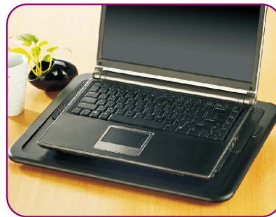
Works well on desks and tables
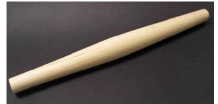
Bruce Perry – French rolling pin in maple. Mineral oil finish.
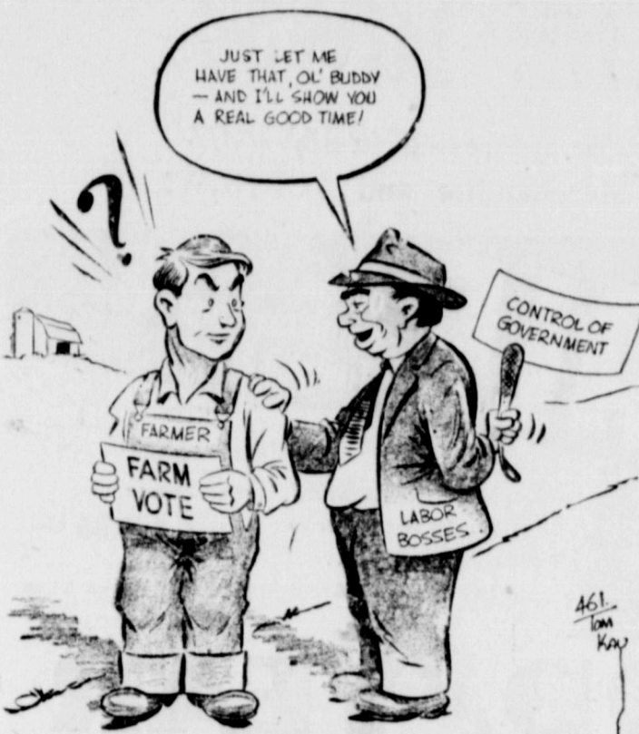
Beware the Blackjack
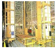
For heavy material
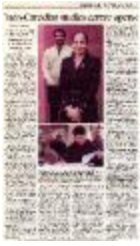
[Newspaper clipping titled, Indo-Canadian studies centre opens] (2022_01_01_01_001)
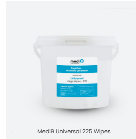
Medi9 Universal 225 Wipes

Medi9 is supplied RTU to ensure consistent quality of the product and avoid risk of human error, such as using contaminated water, over/under dosing etc.
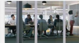
Finish your post onboarding activities
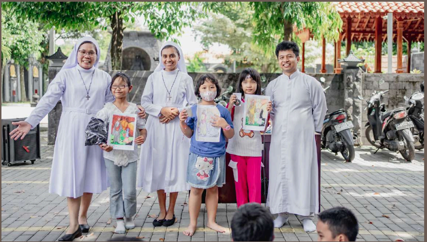
Documentation: Prompang SJ
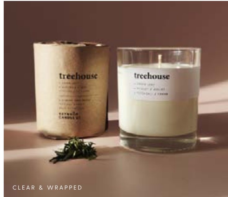
CLEAR &amp; WRAPPED

Our amber candles are crafted and hand-poured at our workshop in Newquay. We use recycled labels and wooden lids which are completely unique. Most candle lids contain plastic or silicone, not ours! Each candle is wrapped in sustainable tissue paper hand packaged into our unique eco boxes creating the perfect gift for the consumer and also a wonderful display in/on your store.
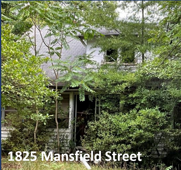
1825 Mansfield Street
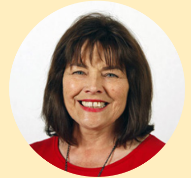
Jeane Freeman (then Minister for Social Security, now Health Secretary) on My Great Start

It is vital that those on low incomes can access timely and high quality support and advice, which is why services like My Great Start are to be welcomed. We want to make sure as many people as possible have a warm, safe home and I'm pleased that organisations such as the Wheatley Group are helping people to manage their finances.”
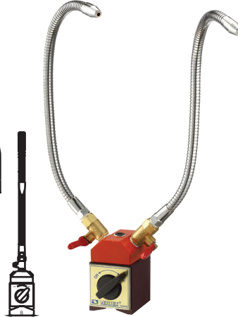
SİPARİŞ NO. VMH-64 MANYETİK AYAKLI METAL SULAMA HORTUMU ( 2 HORTUM)

TASK DIRECTIONS =>
Transcribe, word for word, the stretch of lines in the data above from the one with "Medi9 is supplied" through the one with "It is vital"; omit all pictures.

RESULT FOR THIS EXERCISE =>
Medi9 is supplied RTU to ensure consistent quality of the product and avoid risk of human error, such as using contaminated water, over/under dosing etc.
Finish your post onboarding activities
Documentation: Prompang SJ
CLEAR &amp; WRAPPED

Our amber candles are crafted and hand-poured at our workshop in Newquay. We use recycled labels and wooden lids which are completely unique. Most candle lids contain plastic or silicone, not ours! Each candle is wrapped in sustainable tissue paper hand packaged into our unique eco boxes creating the perfect gift for the consumer and also a wonderful display in/on your store.
1825 Mansfield Street
Jeane Freeman (then Minister for Social Security, now Health Secretary) on My Great Start

It is vital that those on low incomes can access timely and high quality support and advice, which is why services like My Great Start are to be welcomed. We want to make sure as many people as possible have a warm, safe home and I'm pleased that organisations such as the Wheatley Group are helping people to manage their finances.”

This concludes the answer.